To address the issues of filter divergence and track distortion in long-term multi-source track fusion tracking caused by reliance on empirical parameters, an enhanced hierarchical fusion algorithm based on maneuver frequency adaptive parameters is proposed. This algorithm improves the dependence of traditional fusion methods on empirical parameters and ideal reception conditions, enabling stable target tracking and generation of integrated track in complex scenarios.
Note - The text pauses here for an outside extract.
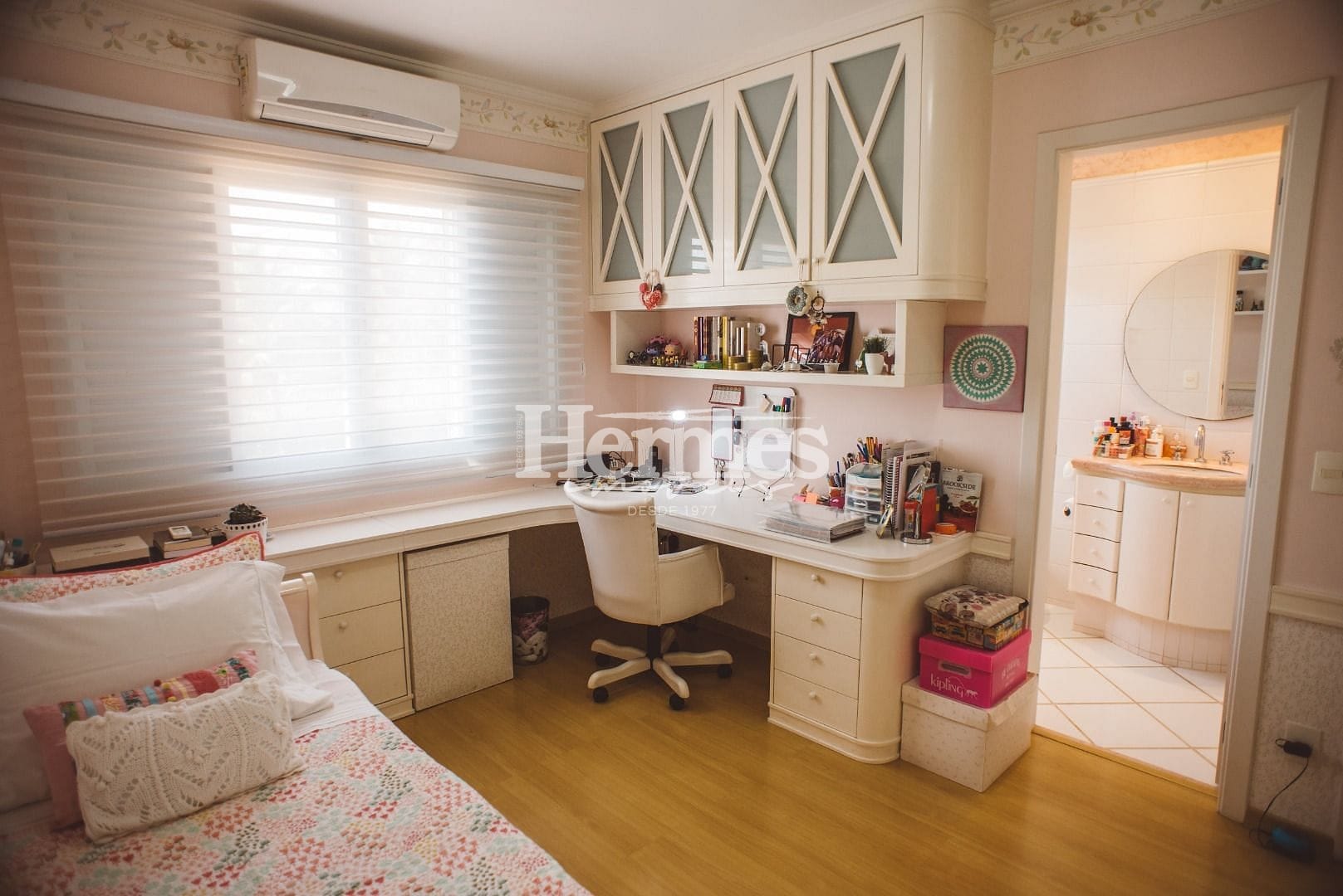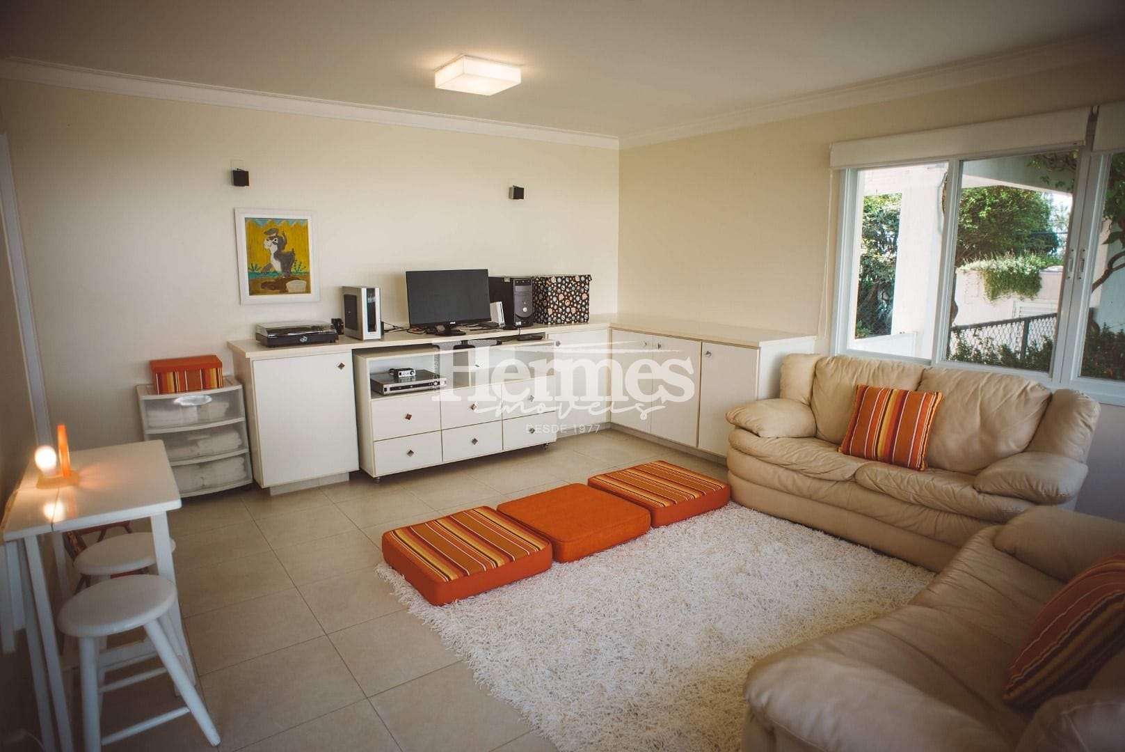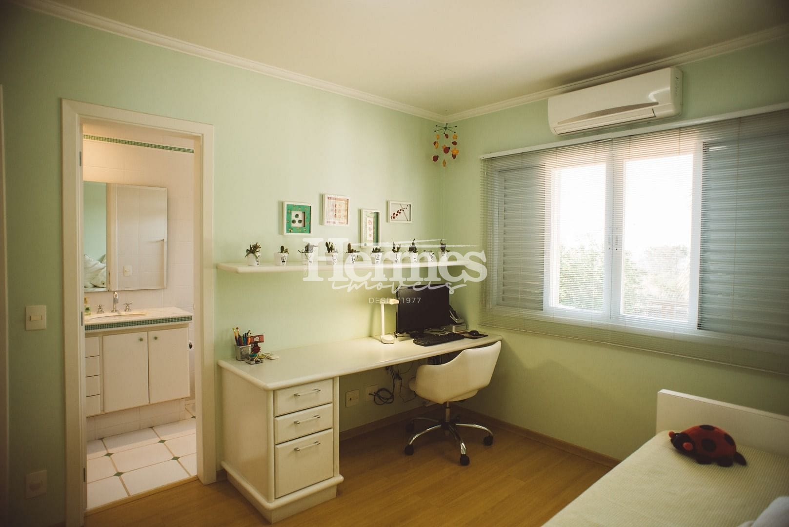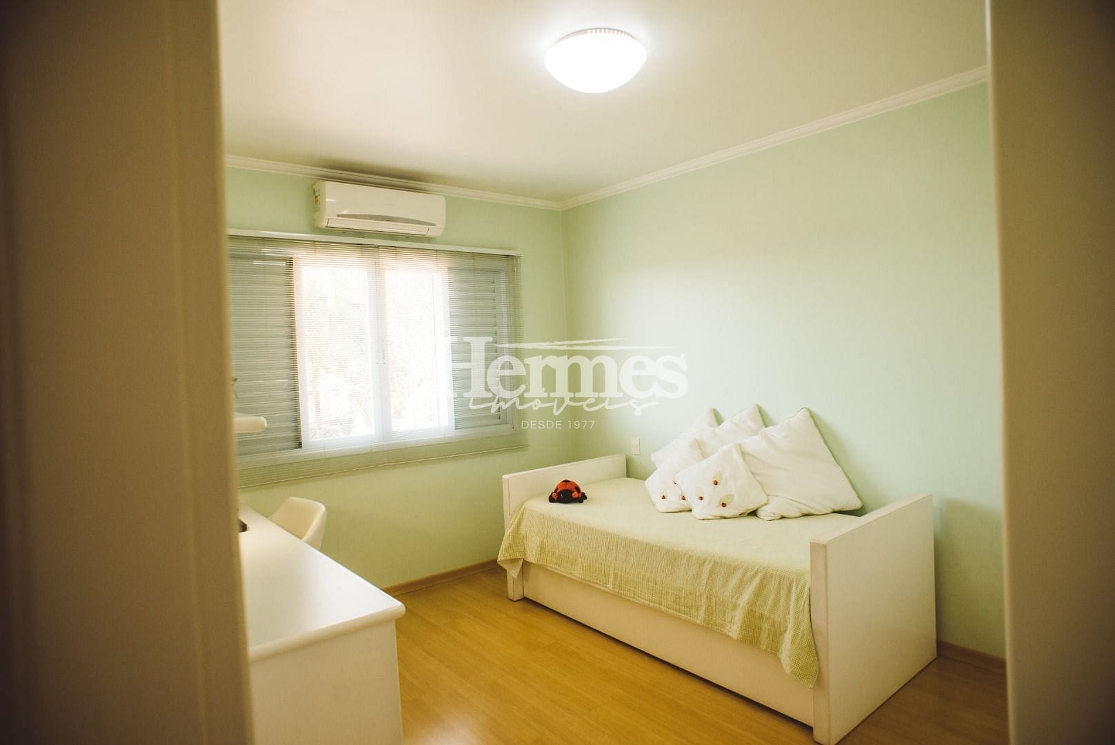 No pavimento superior, você encontrará uma sala íntima planejada, que pode ser utilizada como uma área de descanso e convívio entre os moradores. Todos os ambientes da casa possuem ar-condicionado, garantindo conforto térmico em todas as estações do ano.

Experimental results show that the enhanced hierarchical fusion model incorporating maneuver frequency adaptation achieves an average optimization improvement of 36.16%. This algorithm significantly enhances the robustness and timeliness of the system in high dynamic environments by introducing an adaptive mechanism driven by maneuvering frequency and a hierarchical feedback structure, providing an effective solution for high-precision and stable fusion of multi-source track in complex scenarios.
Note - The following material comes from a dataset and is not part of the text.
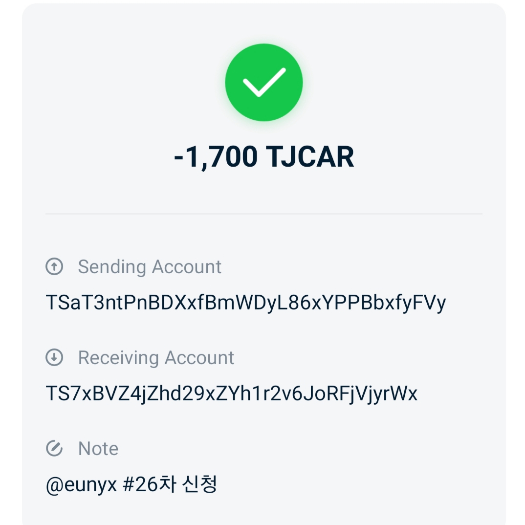 1, 저스트스왑 페이지에서의 LP토큰 수량 잔고 캡쳐 이미지 제출한 후 TJCAR 1700개 전송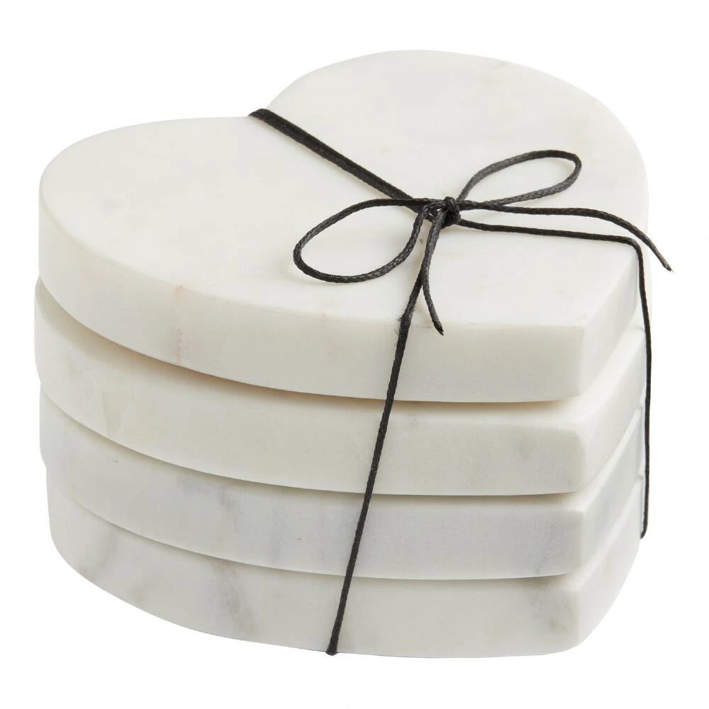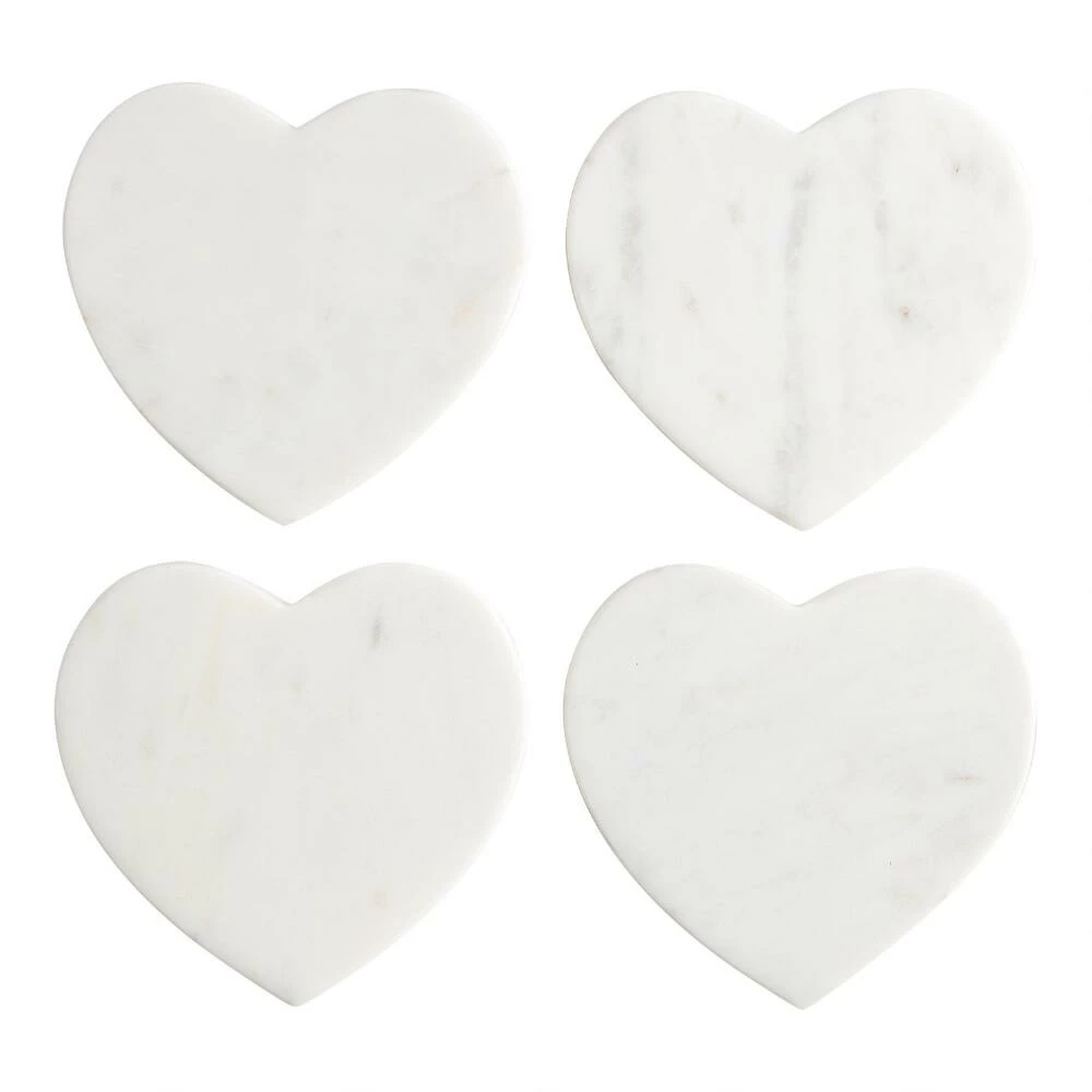 Brighten up the room and protect tabletop surfaces with our heart-shaped coasters lovingly cut from genuine white marble. Offer your guests an extra heartfelt welcome when you slip one of these charming coasters under their drink.

Key words: adaptive maneuvering frequency, multi sensor cooperation, heterogeneous information source fusion, enhanced hierarchical fusion model

CLC Number:

Gaozhi ZHONG, Hongyi XU, Changbo HOU, Pengqi ZHAO, Haonan GUO. Enhanced hierarchical fusion algorithm based on adaptive maneuvering frequency[J]. Systems Engineering and Electronics, 2025, 47(10): 3155-3167.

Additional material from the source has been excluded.